The raw rabidity of I Am Heresy has the imagination and appetite magnetically hooked again straight after with its ravenous and invitingly inhospitable assault of the senses while Deep Rising provides an enthralling lure of Tabor’s striking clean side courted by a laid back but fully suggestive climate of electronically led sound. With the irresistible carnivorous tone of Hodgson’s bass to the fore, the track is superb, another stirring magnet within the release adding further aspects to the bold adventure and evolving imagination of Furyborn.
The album concludes with firstly the varied metal symphony of Wraith, an array of flavours swarming with each other before a writhing death metal causticity bursts from within their midst, and finally with the symphonically laced As We Burn.

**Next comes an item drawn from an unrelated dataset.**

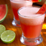 A glass of fresh watermelon juice with a frothy top, garnished with a watermelon slice. Next to the glass are halved limes and a wedge of watermelon on a wooden surface. Another glass of juice is in the background.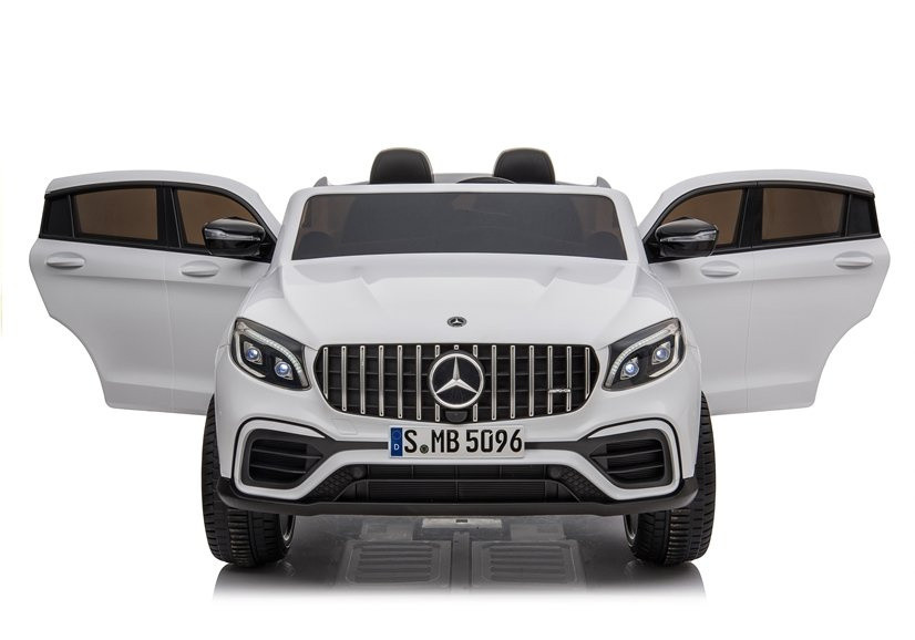 Mercedes GLC 63S Kétüléses Akkumulátoros Kisautó. A Mercedes logóval ellátott autók a legismertebb járművek közé tartoznak. Ez a háromágú csillaggal ellátott modell számos technológiai újítással büszkélkedhet, amelyek a szemet gyönyörködtető dizájnnal együtt az exkluzivitással párosulnak. Ha gyermekét már élete első éveitől lenyűgözik a séták során elhaladó járművek, örvendeztesse meg azzal, hogy saját Mercedest ad neki. Az öröm garantált! Ez a gyermek kisautó számos előnnyel büszkélkedhet – négy erős, egyenként 45 W-os motor, speciális műanyagból készült EVA kerekek és egy 2,4 G-os távirányító, amellyel a szülők irányíthatják a kis raliversenyzőt és utasát! Ezek az elemek, egy erős akkumulátorral kombinálva, nemcsak hihetetlenül jól megépítetté teszik a járművet, hanem fantasztikus, biztonságos szórakozást is garantálnak. Ez a gyermekautó automata sebességváltóval rendelkezik, amely 3-5 km/h sebességet tesz lehetővé. A jármű belső tere ugyanolyan jól néz ki, mint a külseje. A kis vezető és utas rendelkezésére áll egy puha, öko-bőr kétszemélyes ülés biztonsági övvel, valamint egy olyan kormánykerék, amelynek gombjai dallamokat aktiválnak, így a fiatal sofőrök igazi raliversenyzőknek érezhetik magukat. Az akkumulátorral működő jármű tanúsított, kiváló minőségű anyagokból készült, így CE tanúsítvánnyal rendelkezik. A Mercedes 3 év feletti gyermekek számára készült, de a mellékelt 2,4 G-os távirányítóval történő vezérlés lehetővé teszi, hogy még a kisebb gyermekek is jól érezzék magukat. Az összeszerelés egyszerű, körülbelül 20-30 percet vesz igénybe. A jármű méretei: 138 cm x 86 cm x 64 cm. Csomagolási méretek: 140 cm x 77 cm x 41,5 cm.

The closer revels in all the new attributes of the band’s sound and writing, its proposal as invasively seductive as it is rancorous and transfixing. Again Fear Factory-esque hues entice as more Sepultura/Gojira like elements challenge, each woven into the individual character of Furyborn’s own sound. One of its major highlights, the song ensures that Dawn of Leviathan ends on a fascinating high.
Throughout, the album tightly holds attention and fiercely pleases, increasingly so with every subsequent listen. The fact that you still feel we are listening in on one step in a journey still to unfold only adds to the impressive nature of a release which is as much about potential as it is ear exciting craft and adventure.